**Task to complete**
Exactly the lines from the one containing "楠唐装中国风男装春季休闲衬衫男长袖打底衫中年复古中式上衣流光" through the one containing "(왼쪽) 끈으로 여미는" in the listing below are to be copied, with the pictures left out.

**Information provided**
○ ○ ○
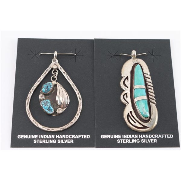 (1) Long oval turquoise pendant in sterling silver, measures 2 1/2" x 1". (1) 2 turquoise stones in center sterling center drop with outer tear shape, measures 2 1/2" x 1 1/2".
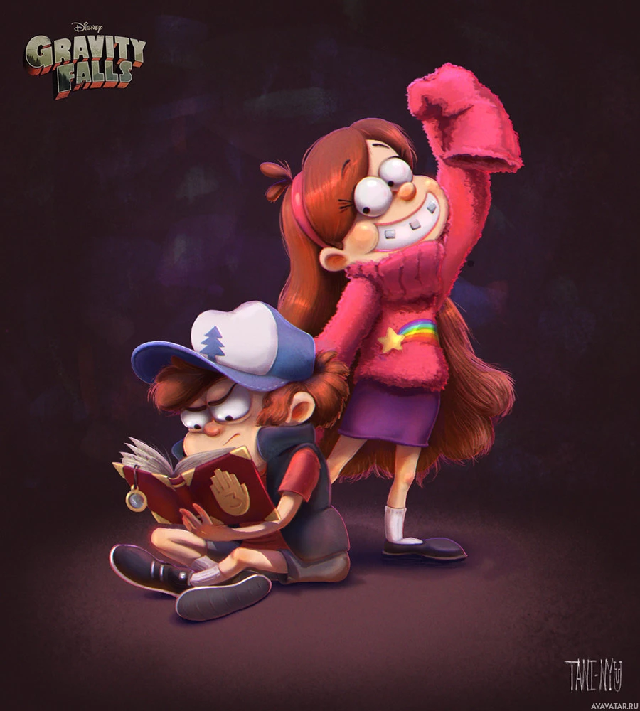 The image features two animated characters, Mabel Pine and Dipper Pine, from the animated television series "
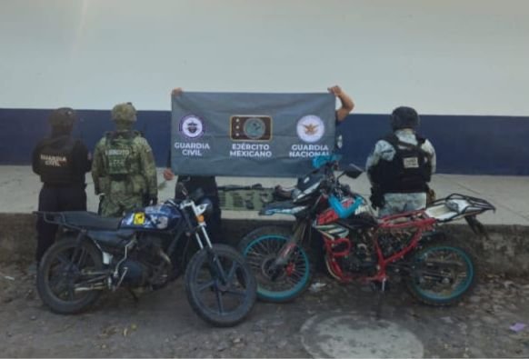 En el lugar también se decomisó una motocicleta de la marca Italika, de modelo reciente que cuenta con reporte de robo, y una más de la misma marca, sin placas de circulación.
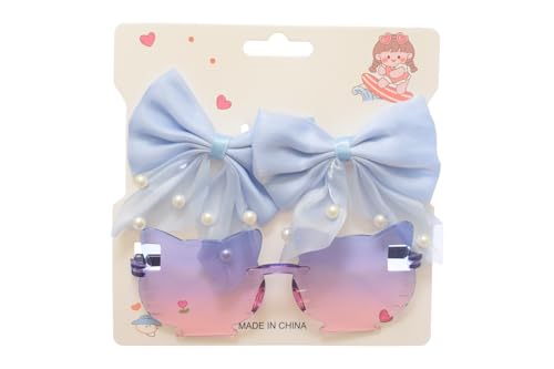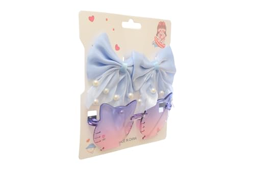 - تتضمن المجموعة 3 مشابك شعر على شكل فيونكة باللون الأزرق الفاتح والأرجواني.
○ ○ ○
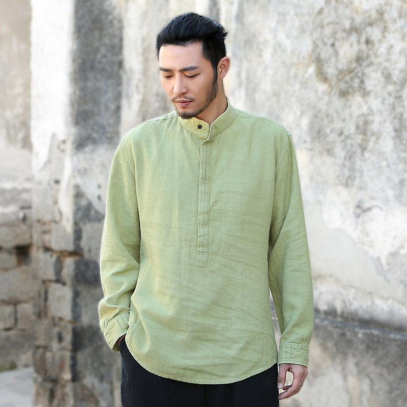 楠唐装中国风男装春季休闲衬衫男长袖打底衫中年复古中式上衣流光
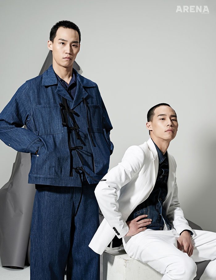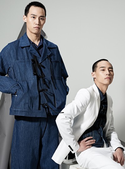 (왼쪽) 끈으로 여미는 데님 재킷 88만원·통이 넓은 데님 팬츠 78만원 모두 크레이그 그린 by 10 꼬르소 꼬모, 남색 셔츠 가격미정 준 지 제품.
○ ○ ○
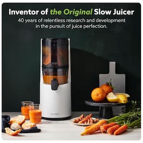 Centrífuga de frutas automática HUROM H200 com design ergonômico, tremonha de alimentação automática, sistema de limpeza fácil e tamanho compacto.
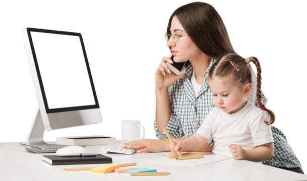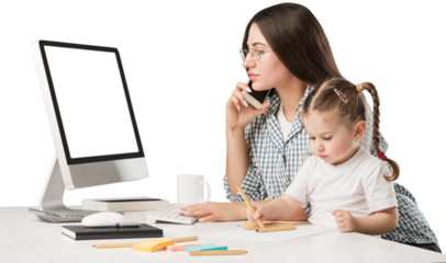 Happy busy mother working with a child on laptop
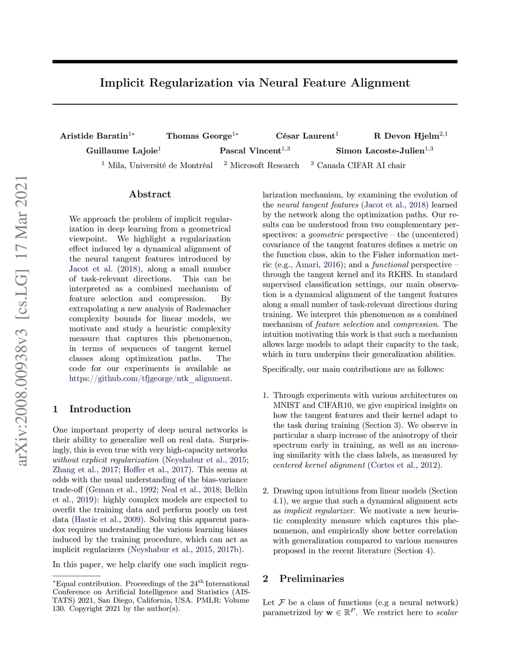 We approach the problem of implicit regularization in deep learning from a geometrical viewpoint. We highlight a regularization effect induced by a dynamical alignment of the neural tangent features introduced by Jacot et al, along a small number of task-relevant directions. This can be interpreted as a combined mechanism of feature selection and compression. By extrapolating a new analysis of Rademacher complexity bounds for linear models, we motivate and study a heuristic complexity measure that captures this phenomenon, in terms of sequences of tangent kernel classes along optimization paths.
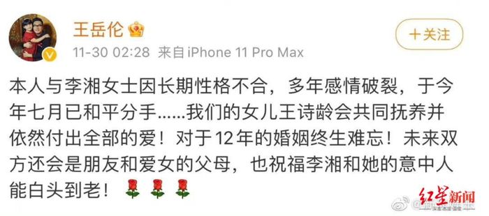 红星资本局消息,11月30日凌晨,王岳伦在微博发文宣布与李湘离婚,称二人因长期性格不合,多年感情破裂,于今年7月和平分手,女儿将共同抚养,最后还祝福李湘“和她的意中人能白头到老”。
○ ○ ○
**Answer below**
 楠唐装中国风男装春季休闲衬衫男长袖打底衫中年复古中式上衣流光
 (왼쪽) 끈으로 여미는 데님 재킷 88만원·통이 넓은 데님 팬츠 78만원 모두 크레이그 그린 by 10 꼬르소 꼬모, 남색 셔츠 가격미정 준 지 제품.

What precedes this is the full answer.